*** Opening of Data ***
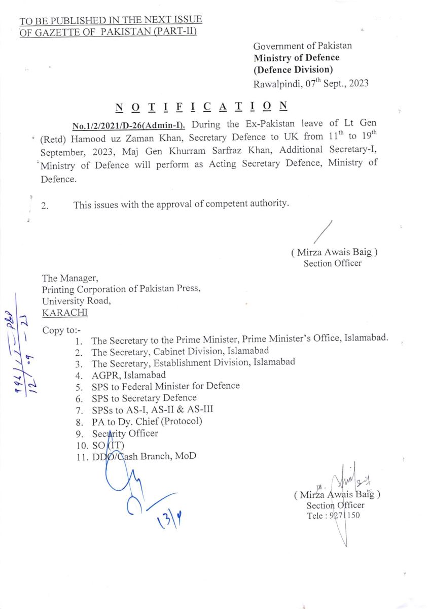 | Ex-Pakistan Leave - Secretary Defence | 7th, Sep 2023 | Click here |
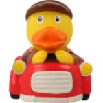 Una simpatica papera di gomma maschio al volante, con il suo cappello su un’auto decappottabile rossa scorrazza in giro per la tua vasca da bagno.
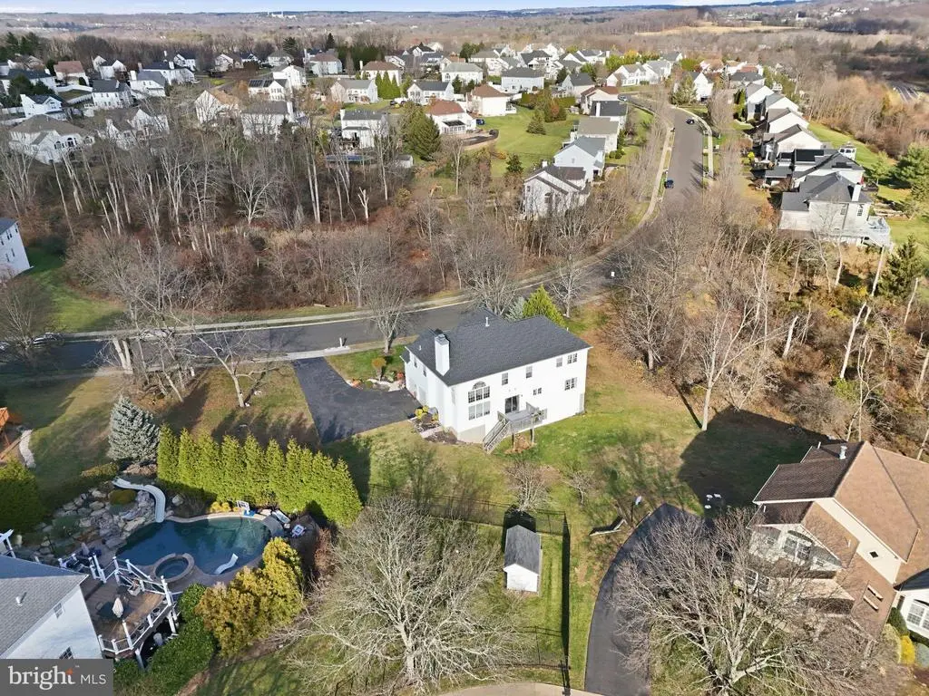 *** OPEN HOUSE Sunday, December 7th 10:00 AM - 12:00 PM *** Large 4 bedroom 2.5 bath, 3,498 sq ft single home on a large premier 1.01 acre scenic lot in Chalfont's desirable Hickory Ridge neighborhood. Walk into 2 story foyer. Formal living room and formal dining room on left. Home office / study on right. Off back of home contains large kitchen with glass sliding doors leading to rear deck and also large spacious two story family room off kitchen with open concept layout perfect for entertaining. Family room also contains plenty of windows which offer plenty of natural light, rear back staircase and elegant slate fireplace as centerpiece of room. First floor also contains a powder room and access to attached 2-car garage. Upstairs contains 4 spacious bedrooms and 2 full bathrooms including the primary suite with vaulted tray ceilings, walk-in closet and its own large bathroom with soaking tub, tile shower and double vanity. Upstairs also includes a conveniently located laundry and also a large attic space which could be converted into a walk in closet, office or 5th bedroom. Large partially finished basement with walk out entry which extends under the entire perimeter of home's living space. Property has endless possibilities including possibilities to add a wrap around deck off the back left side of house which would give Pocono like vibes overlooking the woods and backing to creek. Yard also has plenty of room to add an in ground swimming pool on one of the largest and most private lots in Hickory Ridge. Property also contains a private paved driveway which offers plenty of off street parking. NEW ROOF - September 2025. Home includes a transferrable home warranty in place with current homeowners as well. *** Award Winning Central Bucks School District *** Direct access to Scenic 202 Walking & Biking Trail. Properties like these do not become available often. Don't let this one slip by.
*** Close of Data ***
- Task details
Where a picture appears, omit it; otherwise reproduce each line above from the first to the one with "Una simpatica papera", inclusive.

- Solution to the exercise
 | Ex-Pakistan Leave - Secretary Defence | 7th, Sep 2023 | Click here |
 Una simpatica papera di gomma maschio al volante, con il suo cappello su un’auto decappottabile rossa scorrazza in giro per la tua vasca da bagno.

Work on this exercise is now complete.